Ordered that the order is reversed, on the law, with costs, the third-party defendant's motion to dismiss the plaintiff's causes of action based on Labor Law §§ 240, 241 (6), and § 241-a is granted, and the plaintiff's cross motion to amend his bill of particulars to allege specific violations of the Industrial Code is denied as academic.
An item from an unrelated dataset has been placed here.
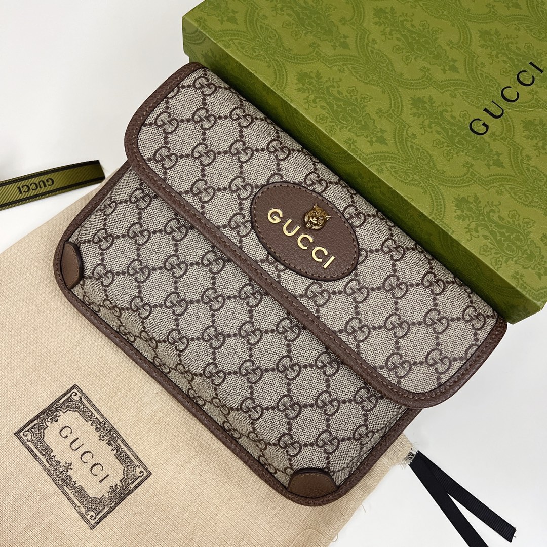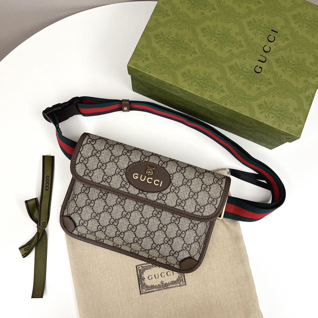 GUCCI 虎头腰包 💰190 独家高品质.男女通用款. 采用GG Supreme高级人造帆布+进口小牛皮包边制作. 规格: 24*16.3*3.5cm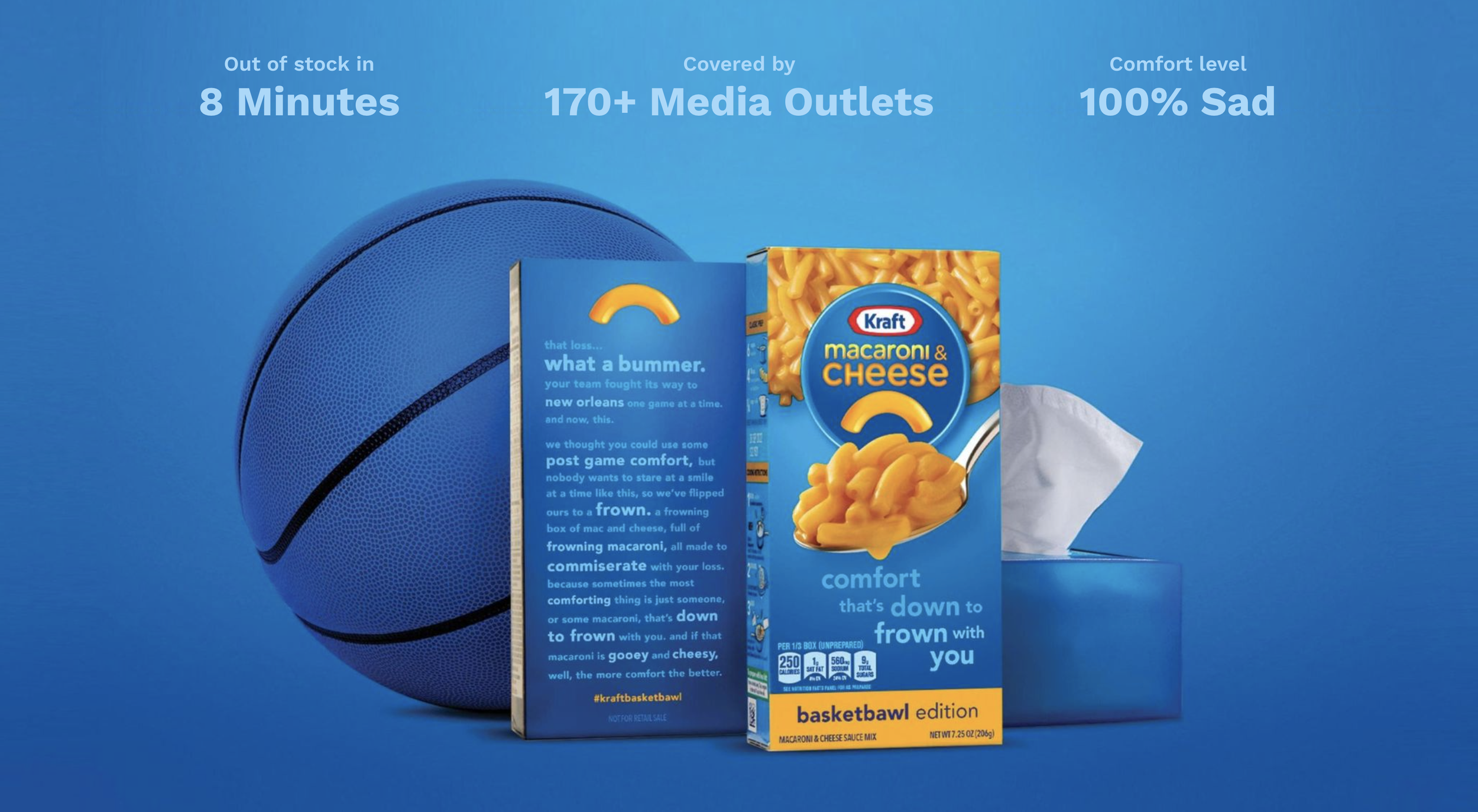 To commiserate with losing March Madness fans we created a special box of Kraft Mac & Cheese full of frowning noodles, as we flipped Kraft’s iconic noodle-smile upside down.

The plaintiff, a night watchman/security guard employed by the third-party defendant, Blakel Construction Corporation (hereinafter Blakel), was allegedly injured when a ladder which he was climbing tipped, causing him to fall from the third floor to the basement of a building owned by the defendant St. Marks Housing Associates, L.P. (hereinafter St. Marks), and being renovated by Blakel, the general contractor on the project. In order to be entitled to the protection of Labor Law § 241 (6), the plaintiff had to establish, inter alia, that he was "permitted or suffered to work on a building or structure" (Mordkofsky v V.C.V. Dev. Corp., 76 N.Y.2d 573, 576; see also, Jock v Fien, 80 N.Y.2d 965; Gibson v Worthington Div., 78 N.Y.2d 1108; Brown v Christopher St. Owners Corp., 211 A.D.2d 441; Meehan v Mobil Oil Corp., 184 A.D.2d 1021). By the same token, in order to be entitled to the protection of Labor Law § 240 (1), the plaintiff had to show that he was performing work necessary and incidental to the erection or repair of a building or structure (see, e.g., Lombardi v Stout, 80 N.Y.2d 290; Rocovich v Consolidated Edison Co., 78 N.Y.2d 509; Martin v Back O'Beyond, 198 A.D.2d 479; Mosher v St. Joseph's Villa, 184 A.D.2d 1000). The plaintiff herein has failed to make such a showing, and his complaint, to the extent it is premised on Labor Law § 240 (1) and § 241 (6) should have been dismissed. Furthermore, Labor Law § 241-a is designed to protect one who is actually engaged in working on a building or structure, and the plaintiff has not established that he was so engaged. Bracken, J.P., Krausman, Goldstein and Luciano, JJ., concur.